▶ **Required work**
In the records below, find the line with "That was just", then retype it and every following line exactly, stopping after the line with "4、 可以针对汇报内容进行沟通,重要内容可转为iTask任务进行跟进;". Leave the pictures out.

▶ **Exercise materials**
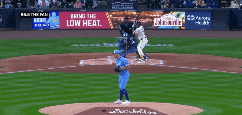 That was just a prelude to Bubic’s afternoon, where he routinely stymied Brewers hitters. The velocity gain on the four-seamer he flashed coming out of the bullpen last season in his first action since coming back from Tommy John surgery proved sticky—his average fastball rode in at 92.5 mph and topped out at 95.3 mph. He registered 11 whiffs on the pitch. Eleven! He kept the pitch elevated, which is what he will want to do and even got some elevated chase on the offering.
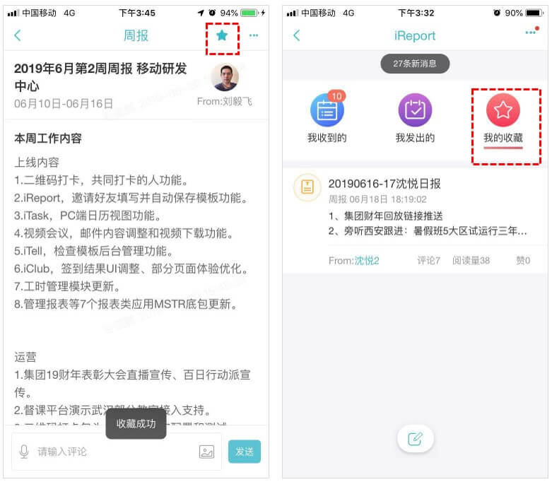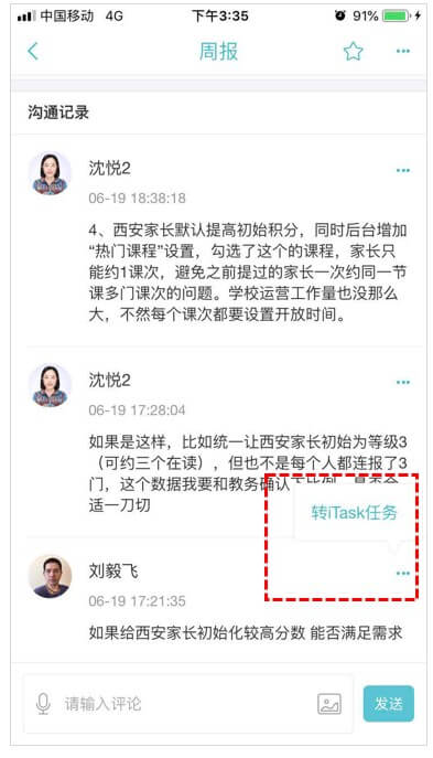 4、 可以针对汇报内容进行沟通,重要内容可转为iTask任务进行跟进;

==

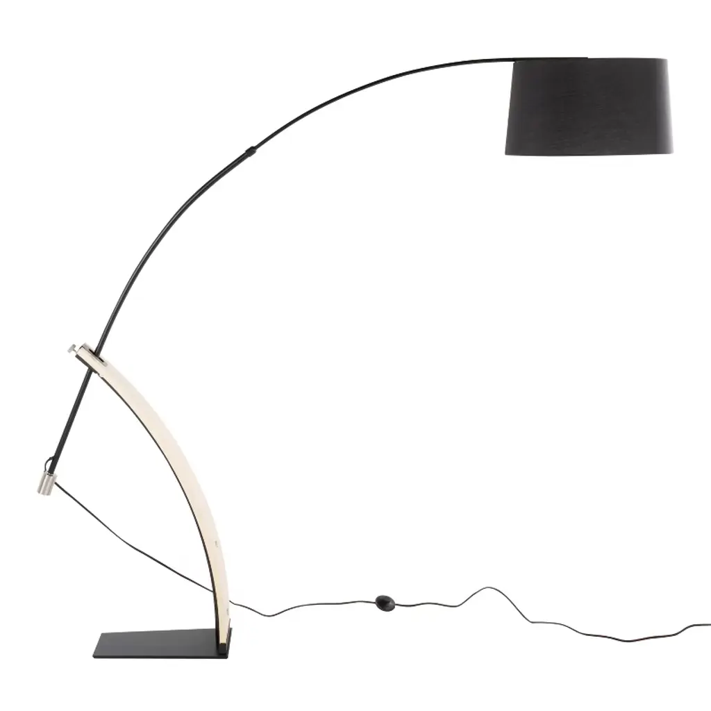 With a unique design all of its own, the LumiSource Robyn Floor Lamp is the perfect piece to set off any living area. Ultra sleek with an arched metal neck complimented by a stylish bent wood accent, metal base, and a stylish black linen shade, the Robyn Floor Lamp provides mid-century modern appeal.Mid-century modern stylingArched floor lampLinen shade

▶ **Your solution**
 That was just a prelude to Bubic’s afternoon, where he routinely stymied Brewers hitters. The velocity gain on the four-seamer he flashed coming out of the bullpen last season in his first action since coming back from Tommy John surgery proved sticky—his average fastball rode in at 92.5 mph and topped out at 95.3 mph. He registered 11 whiffs on the pitch. Eleven! He kept the pitch elevated, which is what he will want to do and even got some elevated chase on the offering.
 4、 可以针对汇报内容进行沟通,重要内容可转为iTask任务进行跟进;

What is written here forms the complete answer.